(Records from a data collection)
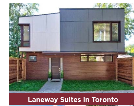
Laneway Suites in Toronto
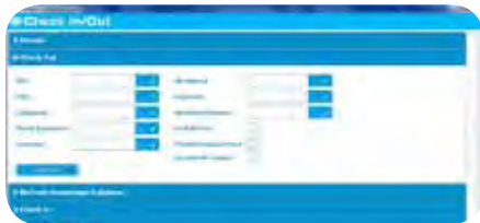
AMT Mobile Check-In Screen

AMT Mobile is a new module of AMT which runs on a Tablet PC. It allows users to "check out" data from AMT and work offline, then "check in" data some time later.
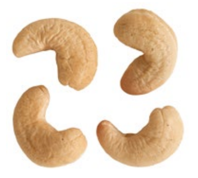
Class I - Scorched - LB - 240
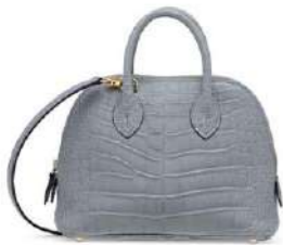
~#3837 A MATTE GRIS CIMENT ALLIGATOR MINI BOLIDE WITH GOLD HARDWARE

GRADE: 1 HK$160,000-240,000 US$21,000-31,000
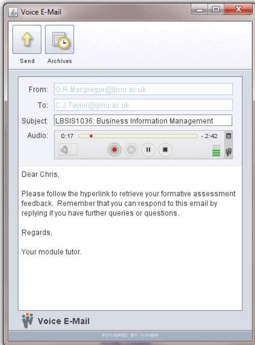
Figure 1. Creating a 'voice email' using Wimba Voice™.

was recorded by tutors based on the agreed marking criteria. This mark remained undisclosed to students.
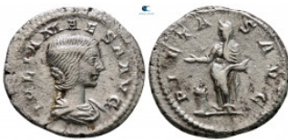
1520 Julia Maesa. Augusta AD 218-224. Rome Denarius AR 20 mm, 2,54 g very fine 10

#### TRY IT
No pictures belong in the copy: reproduce exactly the lines above from the one that contains "WITH GOLD HARDWARE" through the last line of the entries.

#### PROBLEM SOLUTION
~#3837 A MATTE GRIS CIMENT ALLIGATOR MINI BOLIDE WITH GOLD HARDWARE

GRADE: 1 HK$160,000-240,000 US$21,000-31,000
Figure 1. Creating a 'voice email' using Wimba Voice™.

was recorded by tutors based on the agreed marking criteria. This mark remained undisclosed to students.
1520 Julia Maesa. Augusta AD 218-224. Rome Denarius AR 20 mm, 2,54 g very fine 10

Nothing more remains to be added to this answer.